This clinical trial is focused on studying the treatment of anal fistulas, which are abnormal connections that can form between the end of the bowel and the skin near the anus. The study is investigating the use of a medication called infliximab, which is given as an infusion, to see if it can help improve the condition when used alongside standard surgical treatments. The trial also involves the use of azathioprine, a medication taken orally in tablet form, and saline, which is used in the infusion process. A placebo is also part of the study to help compare the effects of the treatments.

The purpose of the study is to explore how effective infliximab is when added to the usual surgical treatment for complex anal fistulas that are not related to Crohn’s disease. Participants in the study will receive treatment over a period of time, and their progress will be monitored to see if the fistulas improve enough to allow for surgical closure. The study will also look at changes in the activity of the fistulas and any complications that might arise from the medical treatment.

Throughout the study, participants will undergo regular assessments, including evaluations of their quality of life and the activity of the fistulas using methods like MRI scans. The study aims to gather information over several months to determine the long-term effectiveness of the treatment and to see if it can lead to healing of the fistulas. The ultimate goal is to find a more effective way to manage and treat complex anal fistulas, improving the quality of life for those affected by this condition.

1 joining the trial

Upon joining the trial, you will be informed about the study’s purpose, procedures, and your role as a participant. You will be asked to provide consent to participate in the study.

2 initial assessment

An initial assessment will be conducted to confirm your eligibility. This includes reviewing your medical history and ensuring you meet the criteria for participation, such as having a complex anal fistula and not being diagnosed with Crohn’s disease.

3 treatment phase

During the treatment phase, you will receive infliximab through an infusion. The frequency and dosage will be determined by the study protocol and your healthcare provider.

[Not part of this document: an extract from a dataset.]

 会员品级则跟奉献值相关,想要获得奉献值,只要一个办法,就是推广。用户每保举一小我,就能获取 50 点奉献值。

You may also receive azathioprine for oral use, depending on the specific requirements of the trial.

4 follow-up assessments

Regular follow-up assessments will be conducted to monitor your progress. These assessments may include physical examinations, imaging tests like MRI, and evaluations of your quality of life.

The primary goal is to observe any improvement in your condition, particularly the healing of the fistula, over a period of up to 30 months.

5 end of trial

At the end of the trial, a final assessment will be conducted to evaluate the overall effectiveness of the treatment. This will include a review of any changes in your condition and any side effects experienced during the trial.

Who Can Join the Study?

  • Have a complex anal fistula. This means a type of tunnel that forms between the inside of the anus and the skin outside, which has not healed despite treatment for at least 6 months.
  • Do not have Crohn’s disease. This is a condition that causes inflammation in the digestive system. You must have had normal results from specific tests in the last 6 months, including a camera test of the large intestine and small bowel, and no specific findings in tissue samples.
  • Be between the ages of 18 and 65 years old.
  • Speak and understand Danish.
  • Have received standard surgical treatment for the fistula, which includes repeated cleaning and a procedure called seton placement, for at least 6 months.

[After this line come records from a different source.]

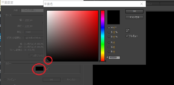 と選択し、色が調整できそうな箇所で真っ黒な色に調整をしてOKします。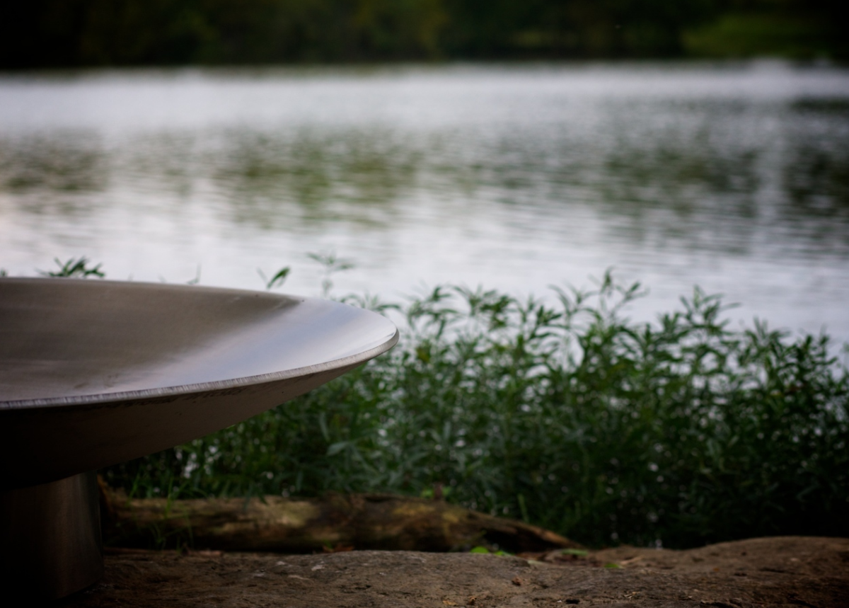 Each functional steel sculpture is made from one hundred fifty pounds of very thick one quarter inch American made 304 stainless steel used for longevity and also for its corrosion and rust resistance. Truly maintenance free your Bella Vita can be left outdoors year around in any conditions and comes supplied with a rain drain in the bottom of the basin. The matte bowl finish is complimented by the brightly polished base and every Bella Vita Fire Pit Art®  is individually numbered by the artist, Rick Wittrig. Virtually indestructible each fire pit comes with a 100 Year Guarantee on materials and craftsmanship.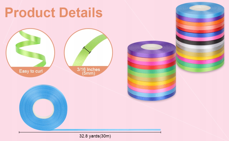 ✅ 100% Новое и высокое качество: Наша лента для кудри составляет 10 м на ролик и ширина 5 мм. Он очень маленький и идеально подходит для небольших художественных и ремесленных работ, упаковывать небольшие подарки, флористические статьи, струны воздушных шаров, вечеринки по случаю дня рождения, прозрачную упаковочную бумагу и многие другие применения

Who Cannot Join the Study?

  • Patients with any other significant health condition that might interfere with the study.
  • Patients who are pregnant or breastfeeding.
  • Patients who have had a recent surgery unrelated to the anal fistula.
  • Patients who are currently participating in another clinical trial.
  • Patients with a known allergy to the study medication.
  • Patients who have a history of not following medical advice or treatment plans.
  • Patients with a compromised immune system, which means their body’s defense against infections is weakened.
  • Patients who have a history of drug or alcohol abuse.
  • Patients with severe liver or kidney disease.
  • Patients who have been diagnosed with cancer in the past five years.

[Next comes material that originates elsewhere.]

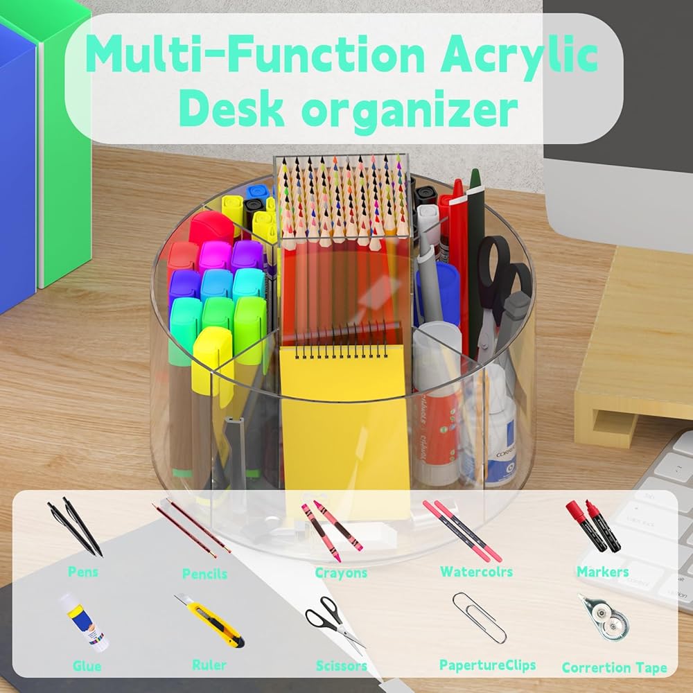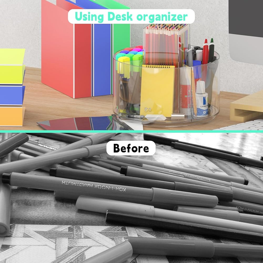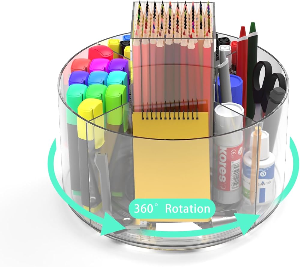 دوران 360 درجة: جميع العناصر في متناول اليد بدورة واحدة فقط. يمكن لمنظم القلم للمكتب أن يبقي كل شيء منظمًا وفي متناول يدك.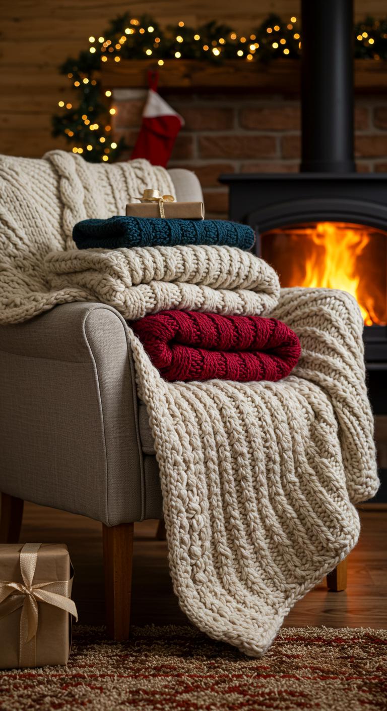 Layer knitted throws around your living spaces for warmth and texture. Look for chunky knit or plaid options that evoke a rustic vibe. You can knit them yourself or find budget-friendly options at home goods stores. Drape these over sofas or chairs to create inviting spots to relax. They also serve as great accents during festive gatherings.

Where you can join this trial?

Verified and Recommended Sites

No sites found in this category

Verified Sites

Site Name City Country Status
Bispebjerg Hospital Copenhagen Denmark

Other Sites

Site Name City Country Status
Region Midtjylland Aarhus Denmark

Want to learn more about this study or check if you can participate? Contact us.

Trial status

Country Status Recruitment Start
Denmark Denmark
Recruiting
01.12.2022

Trial locations

Infliximab is a medication used in this clinical trial. It is a type of drug known as a biologic, which means it is made from living cells. Infliximab works by blocking a protein in the body called tumor necrosis factor-alpha (TNFα). This protein is involved in causing inflammation, which can lead to various health issues. In this trial, Infliximab is being tested to see if it can help reduce inflammation and improve healing in patients with complex anal fistulas, which are abnormal connections between the anal canal and the skin near the anus. The goal is to see if adding Infliximab to the standard surgical treatment can make the treatment more effective.

Investigated diseases:

Anal fistula – An anal fistula is an abnormal connection between the epithelialized surface of the anal canal and the perianal skin. It often results from an infection in the anal glands, which can lead to an abscess. Over time, the abscess may drain spontaneously or be surgically opened, creating a fistula. The condition can cause discomfort, pain, and discharge of pus or blood. It may progress with recurrent infections and inflammation, leading to chronic symptoms. The fistula can vary in complexity, with some being simple and others involving multiple tracts or branches.

Trial ID:
2022-502263-38-00
Trial Phase:
Therapeutic exploratory (Phase II)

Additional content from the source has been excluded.